Astrological map depicting Aetherius, the realm of the gods, Oblivion, realm of the Daedra, and Mundus, realm of men.

According to Deosian origin theory, the Daedra originated at the beginning of time, when the eternal static, Anu, was sundered by the eternal chaos, Padomay. The combined blood of Anu and Padomay formed the Aedra, while the pure blood of Padomay formed the Daedra. As such, the Daedra share no connection with the mortal realm later created by the Aedra.

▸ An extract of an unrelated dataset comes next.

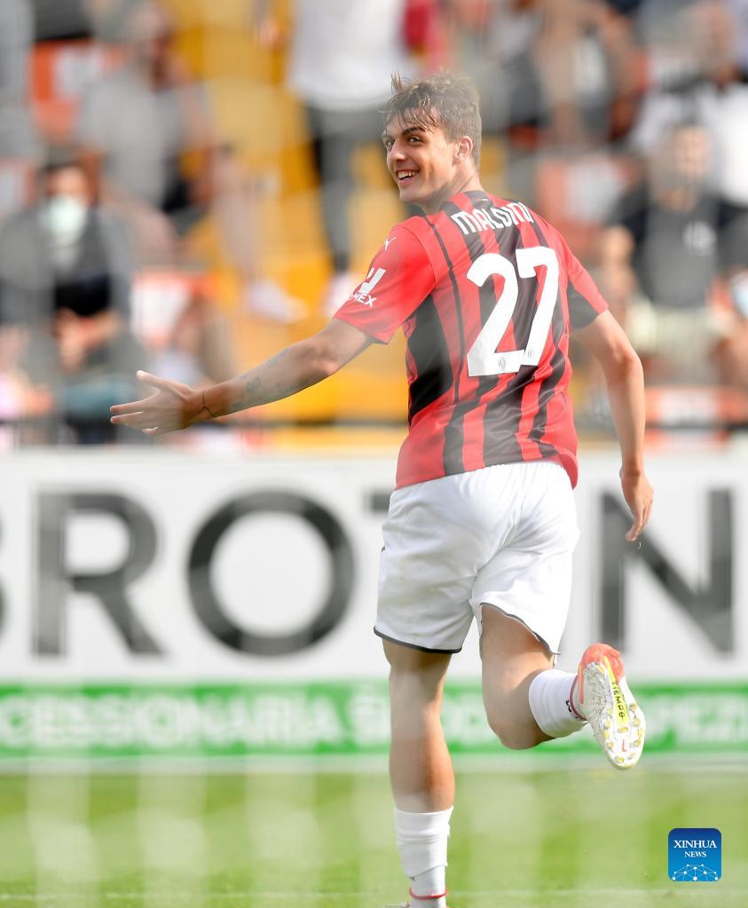 AC Milan's Daniel Maldini celebrates his goal during a Serie A football match between AC Milan and Spezia in La Spezia, Italy, on Sept. 25, 2021. (Photo by Daniele Mascolo/Xinhua)

By their nature of being unrelated to the mortal world, Deosian theologians hold that, while the Daedra may appear evil to mortal sensibilities, they exist outside the realm of mortal ethics and morality, and as such cannot truly be considered "evil". The Daedra act as is their most base nature, and if that manifests as ill intent towards the mortal realm that is as a projection of their ultimate being, not as a necessary desire to become evil. Though to mortal eyes they may appear evil, they are not that by definition, as their nature cannot be understood by mortal comprehensions of right and wrong.

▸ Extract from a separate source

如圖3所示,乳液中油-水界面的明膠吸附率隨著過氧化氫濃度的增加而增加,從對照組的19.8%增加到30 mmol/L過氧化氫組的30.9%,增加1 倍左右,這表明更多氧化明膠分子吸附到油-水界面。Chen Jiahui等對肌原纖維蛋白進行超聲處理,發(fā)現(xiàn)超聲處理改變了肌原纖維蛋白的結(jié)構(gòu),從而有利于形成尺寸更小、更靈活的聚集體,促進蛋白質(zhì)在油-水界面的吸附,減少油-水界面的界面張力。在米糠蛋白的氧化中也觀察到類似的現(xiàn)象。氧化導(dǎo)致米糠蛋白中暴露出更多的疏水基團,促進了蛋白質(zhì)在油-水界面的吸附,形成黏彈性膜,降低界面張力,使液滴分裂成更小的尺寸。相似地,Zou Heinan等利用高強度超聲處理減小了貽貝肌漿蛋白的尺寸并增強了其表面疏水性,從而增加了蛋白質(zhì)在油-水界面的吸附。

Moreover, not all Daedra are evil by nature. Some, such as Meridia and Azura, share many traits in common with the Nine Divines. However, it is necessary to note that the Daedra appearing benevolent in fact are not truly benevolent towards mankind, instead merely reflecting what is their sphere of influence and their purpose. Merida hates necromancy because she hates necromancy, not because it damages mortal souls. Azura is Prince of Roses because she is Prince of Roses, not because mortals find roses palatable to behold.

Moral Disposition

Though many men consider Daedra outright evil, this is a gross oversimplification. The Aedra of the Nine Divines represent constancy and static, whilst the Daedra represent fluidity and change. Daedra are thus perceived from mortal perspectives as destructive and violent. While some Daedra are possibly evil, there exist Daedra on both ends of the spectrum of morality who do not easily fit this mold.

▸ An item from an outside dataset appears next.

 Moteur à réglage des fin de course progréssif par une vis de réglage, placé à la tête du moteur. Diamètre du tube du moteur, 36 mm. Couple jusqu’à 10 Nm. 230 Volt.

Some scholars have posited that many Daedra, chief amongst them the Prince of Destruction Mehrunes Dagon share an affinity for the mortal realm because of its breakability. A prince such as Dagon cannot truly practice his nature of destruction in Oblivion, as it is eternal and cannot be broken. The mortal world can be destroyed, and as such it is the only place in which he can truly fulfill his nature. This is one of the primary reasons that individuals such as Akatosh and Alessia are so strongly worshiped in Deosian tradition, as they prevented Dagon from truly fulfilling his purpose and destroying the world.

Most of the Daedric Princes view the mortal races as little more than a curiosity, and occasionally as sources of entertainment. Sheogorath and Sanguine, for example, can often be found tormenting mortals for their own amusement, but not with the express intent of causing harm. Azura's dealings with mortals are almost entirely beneficial, making her the most "benevolent" of the Daedric Princes. Likewise, Meridia is regarded as benevolent due to her hatred of undead, and Nocturnal lends her aid to thieves. Of course, there are a few Princes, such as Mehrunes Dagon, Molag Bal and Boethiah, who do take pleasure from causing harm to mortals, and as such, would fit the common definition of "evil". Even Daedric Lords who appear to represent something "good", such as the Daedric Prince of Order, Jyggalag, can cause severe harm in the mortal world when that aspect is taken to its utmost extreme.

Daedric Princes


Hircine, Prince of the Hunt, a Daedra considered neither wholly good nor wholly evil.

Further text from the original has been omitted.